* _WHAT IS NEEDED_
With images removed, return the whole listing exactly as written.

* _PROVIDED MATERIAL_
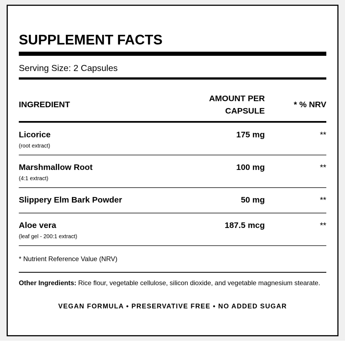 Derudover understøtter barkpulveret fra glat elm (Slippery Elm) (50 mg) genopbygningen af væv, mens Aloe Vera (187,5 mcg) forbedrer fordøjelsen og hydrerer mave-tarm-systemet.
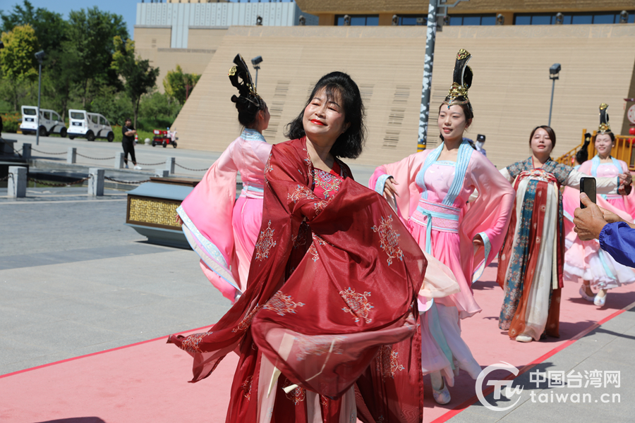 在汉唐天马城,两岸媒体记者来了一场变装秀。大家身着“汉服”,或华丽高贵,或端庄优雅,一秒梦回汉唐。在典雅的乐曲中,大家随着同样身着古装、衣袂飘飘的舞者,一起轻摆衣袖,缓步起舞,仿若一同从古时穿越而来。
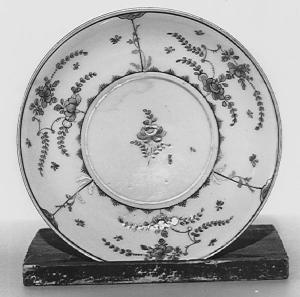 Piattini decorati a ramoscelli verdi con filettature oro.

* _SOLUTION TO THIS TASK_
 Derudover understøtter barkpulveret fra glat elm (Slippery Elm) (50 mg) genopbygningen af væv, mens Aloe Vera (187,5 mcg) forbedrer fordøjelsen og hydrerer mave-tarm-systemet.
 在汉唐天马城,两岸媒体记者来了一场变装秀。大家身着“汉服”,或华丽高贵,或端庄优雅,一秒梦回汉唐。在典雅的乐曲中,大家随着同样身着古装、衣袂飘飘的舞者,一起轻摆衣袖,缓步起舞,仿若一同从古时穿越而来。
 Piattini decorati a ramoscelli verdi con filettature oro.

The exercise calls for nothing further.